作为长安城中数一数二的公子哥,他却不像那些富贵废物一般,整日走马章台,姜姮也从未听闻他沾惹什么恶习,惹出过什么祸事。
相反,他算得上洁身自好,也算得上年少有为,说一声青年才俊,不算夸大其词。
否则皇帝不会在长安城无数的好男儿中,独独钦点他为驸马。
很快,殷凌等的人,也出现在了殿外——是孙炜。
孙玮未被革职,皇帝顾念旧情,让他以残疾之身,继续占据了郎中令以一职,实际上却早已不怎么管事了,甚至有人将他当做了挡路的臭石头。
人人都知道,这个乍富贵的男儿,不知怎么惹怒了姜姮,被伤了身子,也没了好气运,往后余生都只能苟延残喘着。
但说到底,孙玮还是郎中令,还是殷家的女婿,殷凌要叫他一声“姐夫”。
二人今日是受殷皇后之请,一同入宫。
他们交谈了几句,先后走入朝阳殿中。
姜姮收回视线。
那小宫人似乎是想起她与殷家人交恶的那些往事来,忽得就不敢说话了,生怕多说多措。
但姜姮非要他说。
小宫人讪讪:“殿下……您有着陛下的宠爱,殷家怎敢轻视您?况
且,那些事……不过是误会。”
“不是误会。”姜姮饶有兴致地答。
孙玮的胳膊和前程,是辛之聿斩断的,她默许的。
殷凌年幼时入宫,和她起了口角,结果在冰天雪地中被撞到池子里头,是她故意的。
姜姮的确想过,在殷皇后中下绝育的药物。
也做过,扶持后宫新人以对抗皇后势力的事。
她和殷家,积怨已久。
只不过她奈何不了庞然大物一般的殷氏一族。
殷家也不敢对她动手.
于是双方僵持了多年,到了前不久,被皇帝指婚为了一家,仅此而已。
姜姮抬起眼,认真打量着眼前的小宫人,确定他是长生殿人,是可用的人后,就吩咐了下去。
她想起了那日,和殷凌一起出现在宫宴上的少女。
如今的她,不再是以前那个慌慌张张,连恶事都做不好的小公主了。
真要说区别,大概是,她发现了世无完人,每个人或主动或被动,走在自取灭亡的道路上,只有些人幸运些,终其一生,不会走到道路尽头。
她也是如此。
对纪含笑,姜姮其实没有太生气。
只需细想,再抛去冲动,她便能发现,眼下不是最好的,能与他重逢的时刻。
皇帝不会允许姜濬在这深宫久待的。
如果重逢后,需要面对再次的分别。
还不如不重逢。
姜姮慢悠悠地往回走,走回长生殿。
她想到,自己有好几日未同辛之聿一道练习射术了,或许她又要拉不开弓。
但辛之聿应该会昧着良心夸她,仿佛她才是那个千年难遇的奇才一般。
姜姮不自觉带了笑意,脚步轻快。
她还未走到正殿,便看连珠极为着急忙慌地迎了上前。
连珠面色犹豫,但话语干脆:“殿下,太子出事了。”
“有人指控,是太子殿下毒杀了太后娘娘。”
第52章 驯服这样的人是个祸害,不能留。……
东宫自古是是非之地。
身为储君,阿蛮自呱呱落地以来,便牵扯出不少的争锋和事端,几乎如日出月落般寻常,姜姮见多了,听多了,也处理多了,便没有那么在意。

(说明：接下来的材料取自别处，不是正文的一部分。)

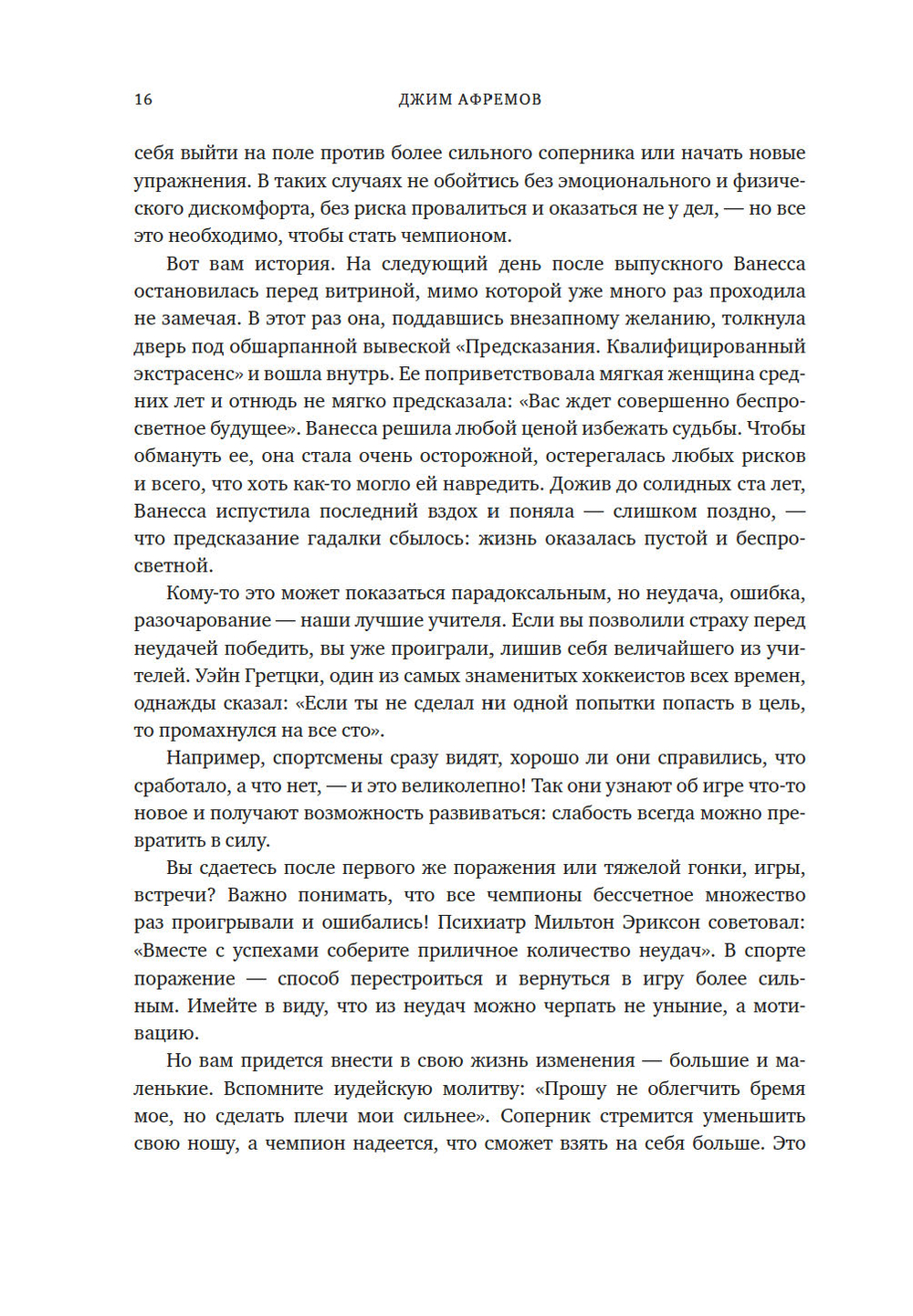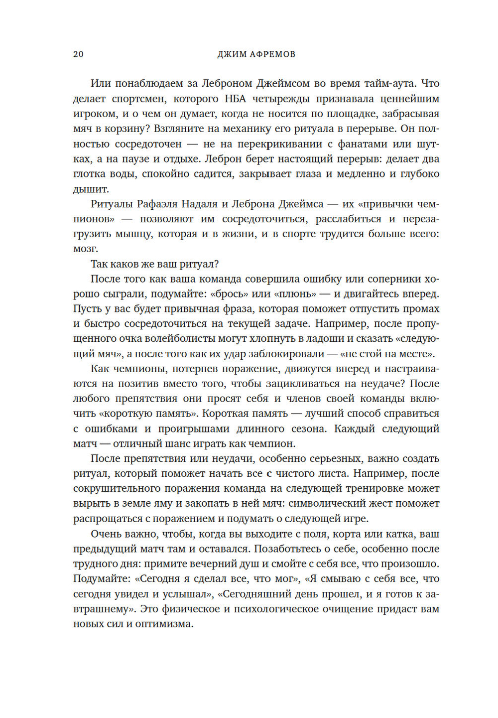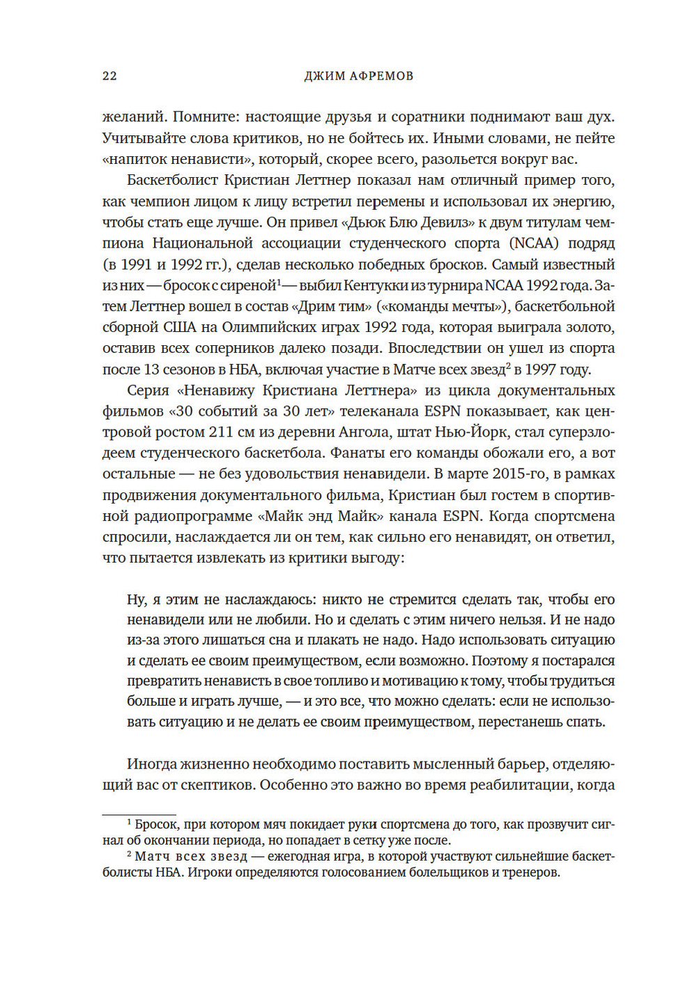 Способность после черной полосы вернуться на поле, на корт или в бизнес и заново добиться успеха – это не только про талант и физические возможности. Здесь наибольшее значение приобретает способ мышления и душевный настрой. Ведущий спортивный психолог Джим Афремов, автор бестселлера "Разум чемпионов", знает, что именно делает хороших игроков великими – как в спорте, так и в бизнесе, карьере, творчестве. На страницах этой книги он представляет тщательно выверенные пошаговые стратегии для спортсменов и неспортсменов любого возраста и уровня мастерства, которые помогают восстановиться после проигрыша, преодолеть последствия травмы (а также страх повторной травмы), взрастить в себе глубинную спокойную уверенность, подготовиться к соревнованиям и другим решающим событиям. Благодаря дельным замечаниям и советам, методикам аутотренинга и мотивирующим историям настоящих героев большого спорта, "Возвращение чемпионов" – практическое руководство для всех, кто хочет вернуться в игру и победить.

连珠异常的慎重,她知道姜姮的脾性,不敢再拖延,在姜姮还驻足在殿门口时,便已将事情原委一口气交代了清楚。
明明是开春,万物复苏之际,姜姮听着,却是浑身一凉。
再问,姜钺本人已经被卫兵层层看守,关押在建章宫中,长生殿的人都无法打探到里头的消息,孔令娘亦无法出来传递消息。
此次事态极其严峻,远远超出了先前各种小打小闹。
姜姮不敢耽搁,立刻往崇德殿赶去,却被拦在了门外。
看门的小太监对她不敢失礼:“公主殿下,陛下正在谈事,还请稍等片刻。”
他在说废话。
姜姮垂眼,看着小太监因谦卑而对折起来的腰背,一股急躁之意潜滋暗长,慢慢占据了她全副心神,这是她第二次被拦在崇德殿外,上一次是为姜濬求情的时候。
隐隐之间,她却有果然如此的念头。
妇孺皆知,皇帝异常宠爱她,只要是她提出来的事,都愿意给她三分面子。
但皇帝到底是皇帝,不会事事都纵容着她。
就如上次,也如这次。
崇德殿殿门敞开着,以许相为首的三公九卿、重要王室宗亲皆数到场,就连孙玮也出现在了殿中。
看见姜姮赶来,诸人不动声色地投来了一眼,随即收回视线,继续禀报。
他们说,城外百姓已经开始议论。
百姓怀疑,太子姜钺并不是皇帝亲生,也不是纪皇后所生,而是孝文太后在多年前,为了保证母家权势和尊荣,狸猫换太子,从民间抱来的男婴。
为何至今没有人告发?
因为孝文太后做事隐秘,知情的大多数人被杀尽。
那为何会在此时东窗事发?
因为世上没有不透风的墙,总有人会记得当年的真相,孝文太后知晓,伺候孝文太后的女官苏氏知晓,太子姜钺本人亦知晓。
太子为了保密,一碗毒药毒杀了孝文太后。
女官苏氏义愤,选择揭露此事,撞墙而死。
帝王将相之外,史官坐在一旁奋笔疾书,他将此事详细记载。
正如众人议论,正如姜姮所知。
此后世人,都会知晓此事。
阻止不了了。
这件事,已经不是她一哭二闹三上吊能解决的了,姜姮很清楚,也很冷静。
她扫视四周,招手叫角落处的一个小太监上前来,一双美目平淡盯着,是不怒自威,接着她又褪下了手腕上一个金镯子,是为利诱。
姜姮只说,她要见陆喜。
陆喜是这崇德殿内的第一人,许多连珠未能打听来的消息,问他势必能得到答案。
姜姮需要知道,此事详细的起承转合,以及各方的态度和观点。
那小太监不敢收她的东西,连连作揖后离去,绕到了殿后,再回来的时候,却是一脸讪讪,恨不得立刻跪下,以死谢罪。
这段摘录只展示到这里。